→ **WHAT YOU SHOULD DO**:
Go through the entries and say how many lines contain the string "Above". The number is the whole answer.

[Recorded data]
──────
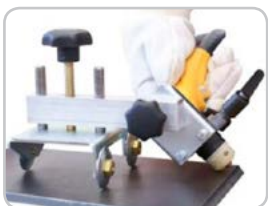
Bevel cutting device
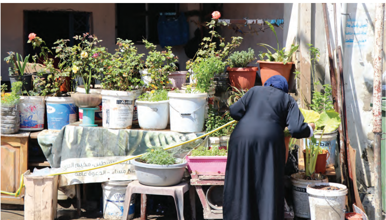
A woman waters flowers in Baddawi refugee camp, North Lebanon

Like many members of host communities and faith-based organisations, refugees themselves act to support members of their own and other communities precisely because states and international organisations are failing and refusing to do so. The invocation of depending on God emerges precisely as a direct critique of the failure of political systems. 102 Far from a fatalistic response to such conditions of manufactured precarity and restrictionism, local and transnational actors alike are creating diverse ways of conceiving
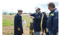
Environmental Improvement in Pancevo, Serbia through the collaborations among Academia, Government, Industry and Citizens

* Applicable programs and cooperation vary from country to country.
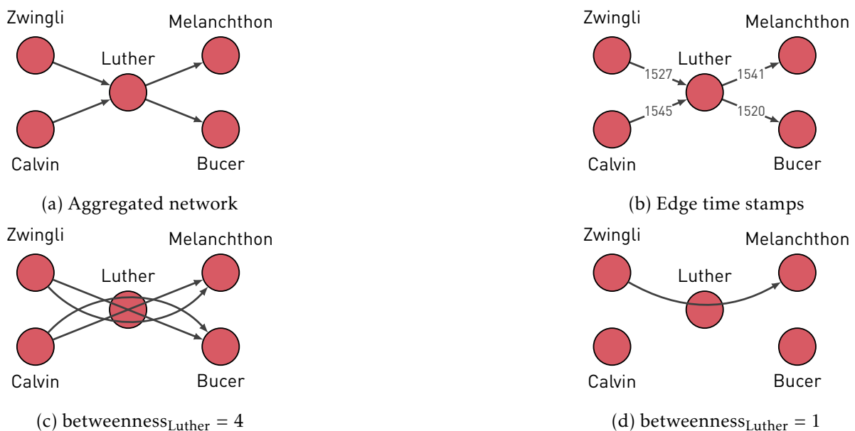
Figure 1: Betweenness scores differ when computed on the aggregated network (a, c) and when accounting for time-stamped edges (b, d). In the aggregated network, time is ignored which allows information to spread backwards in time (e.g., Zwingli passes information to Luther in 1527 which Luther passes on to Bucer in 1520).

This contribution discusses the challenges of accounting for temporal information in the transmission of ideas in historical communication networks. Traditional approaches have mainly analyzed temporal snapshots of aggregated networks to account for changes in the network (Lemerrier 2015; Petz, Ghawi and Pfeffer 2020; Düring et al. 2011). In this approach, the observation period is divided into subperiods (snapshots), interactions within one subperiod form a network snapshot, and topological differences between consecutive network snapshots are analyzed.
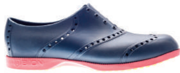
NAVY & RED | BOB - 1016
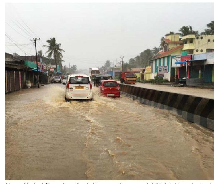
Above: Much of Chennai was flooded by unusually heavy rainfall in late November/ early December 2015.

As mentioned in the previous section, relatively high temperatures in the waters of the Indian Ocean may prevent El Niño from producing a serious drought affecting eastern Australia. But those high water temperatures, combined with the strength of the current El Niño have brought unusually high rainfall to the Tamil Nadu region of southern India and have caused dramatic flooding in Chennai, India's fourth largest city. In just 72 hours, starting on 29 November 2015, Chennai received 436mm of rain, having already had 623mm of rain from 8 to 22 November. Many parts of Chennai and its suburbs were submerged.
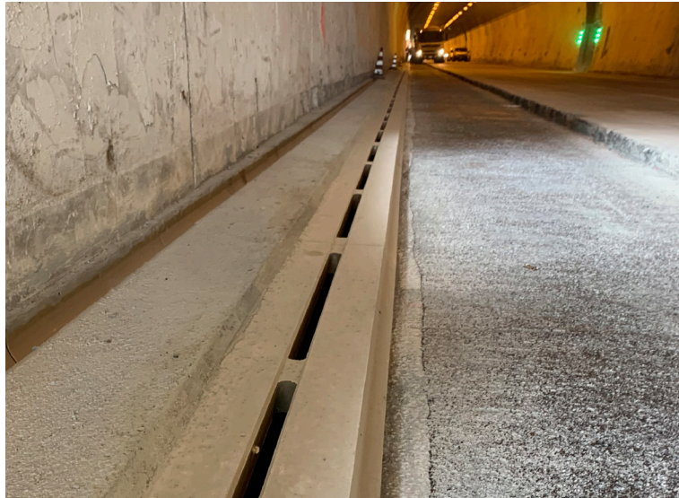
Above: ACO Monoblock S channels installed in Passo d'Avenco e Quassolo tunnels
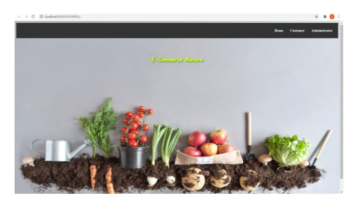
Fig 2. HOME PAGE
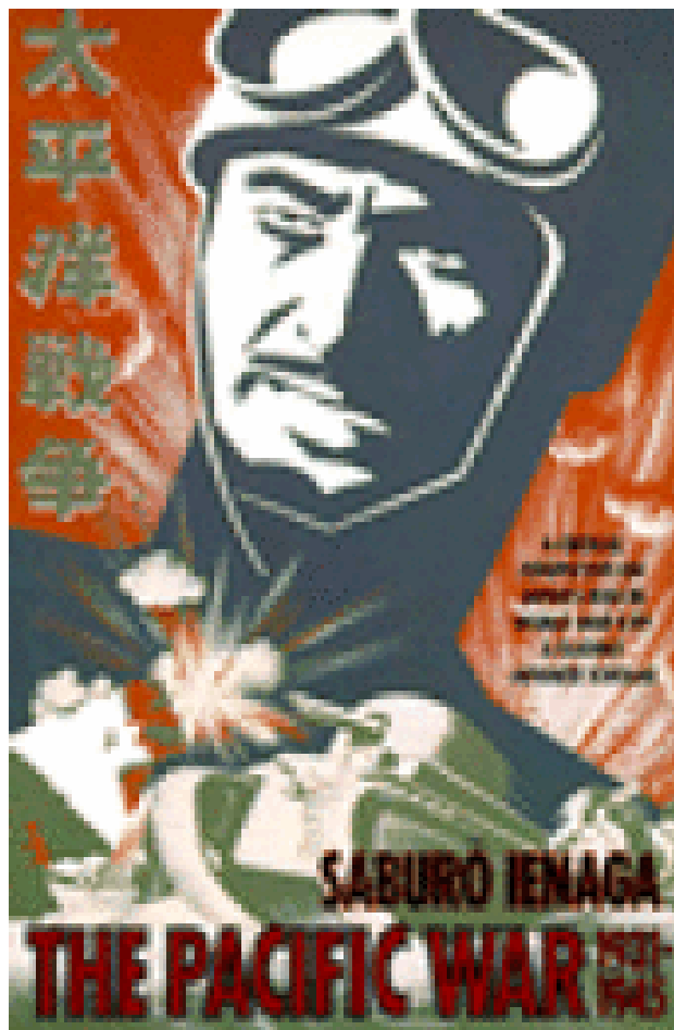
Ienaga Saburo's The pacific War.

A study of the postwar politics of revelation of Japanese wartime medical experiments does not engage the issues of the causes of those initiatives and cannot predict the degree to which we might see questionable medical practices surfacing again in Japan's future. But by shifting the focus from the purported "culture" to the politics of Japanese "forgetfulness" after 1945, it does suggest that an important indicator of future developments may be found less in certain Japanese cultural practices (as is often stressed in the literature on Japanese bioethics),[73] than in the political lay of the land. The politics of exposure of wartime Japanese BW experimentation remains as vital as ever and continues to enrich Japanese public consciousness regarding this dark chapter of national history. Likewise, critical issues of bioethics (brain death, stem
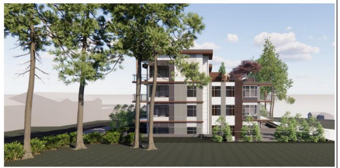
north perspective elevation
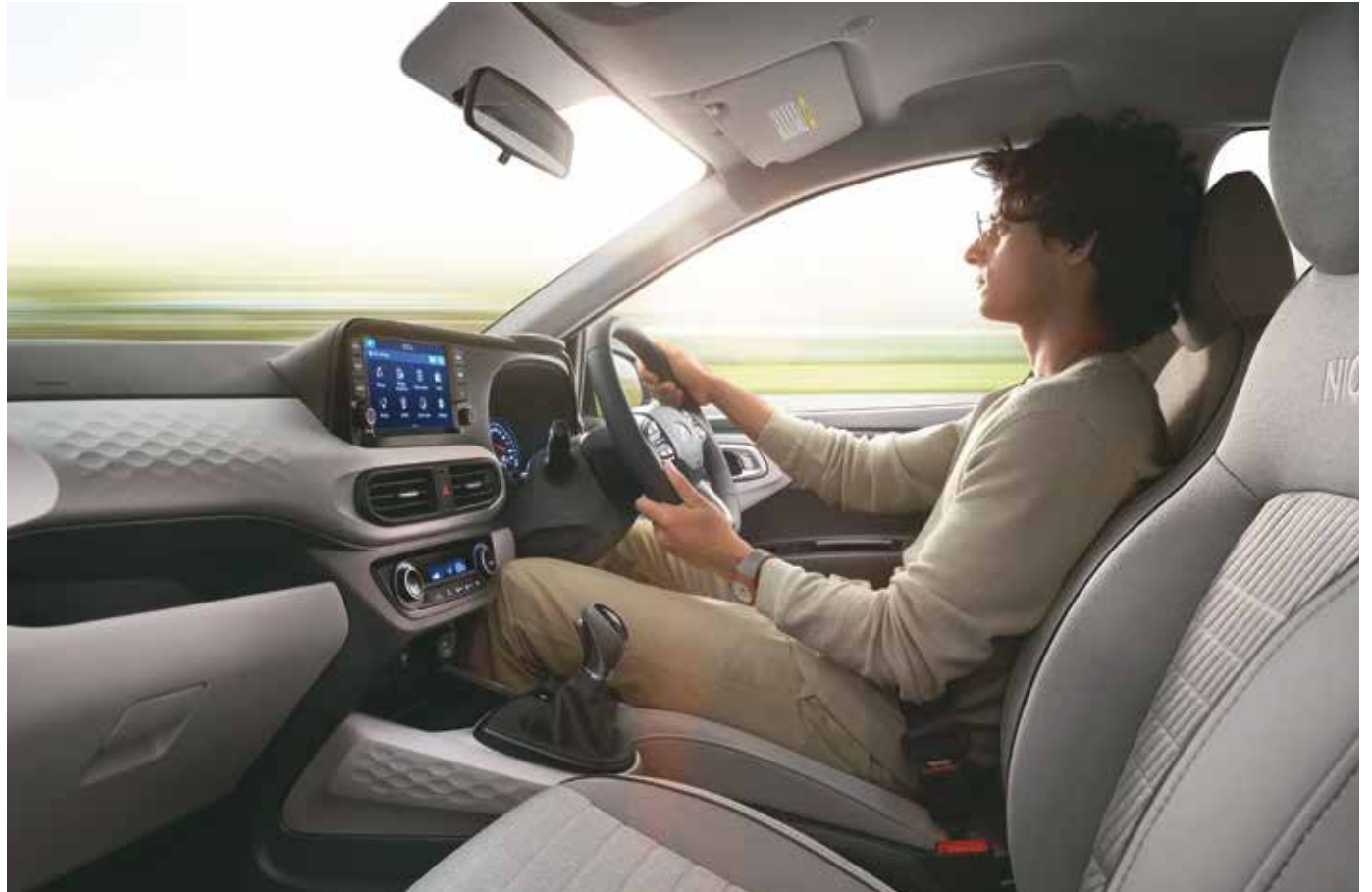
Dual tone grey interior

Other features: Steering mounted audio & bluetooth controls
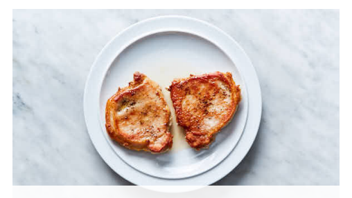
5. Sear chicken

Heat ¼ cup oil in a medium skillet over medium-high until shimmering. Add sliced shallots ; cook, stirring, until golden, 5-7 minutes. Use a slotted spoon to transfer to a paper-towel lined plate.
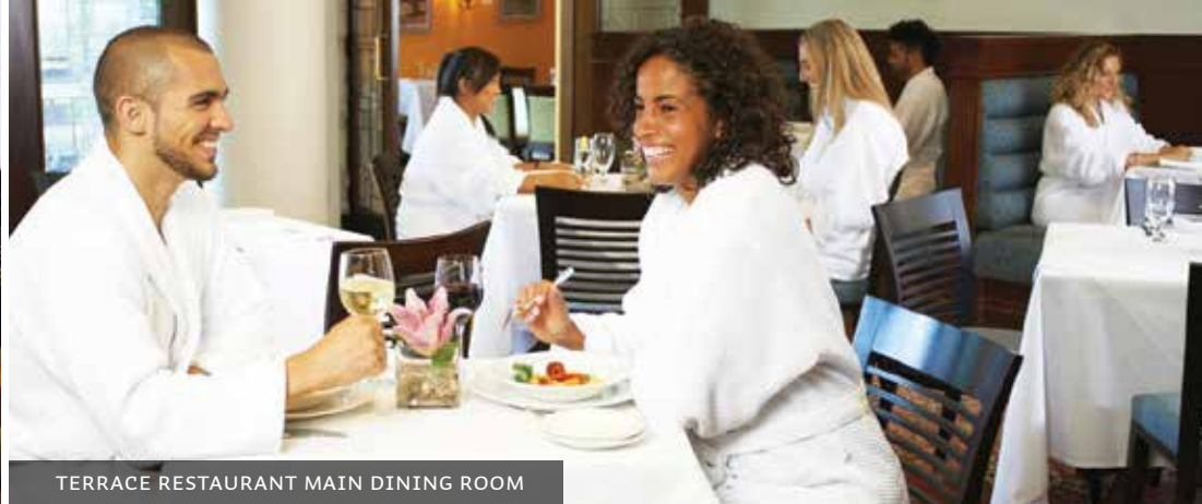
TERRACE RESTAURANT MAIN DINING ROOM
──────
→ **ANSWER AREA**:
2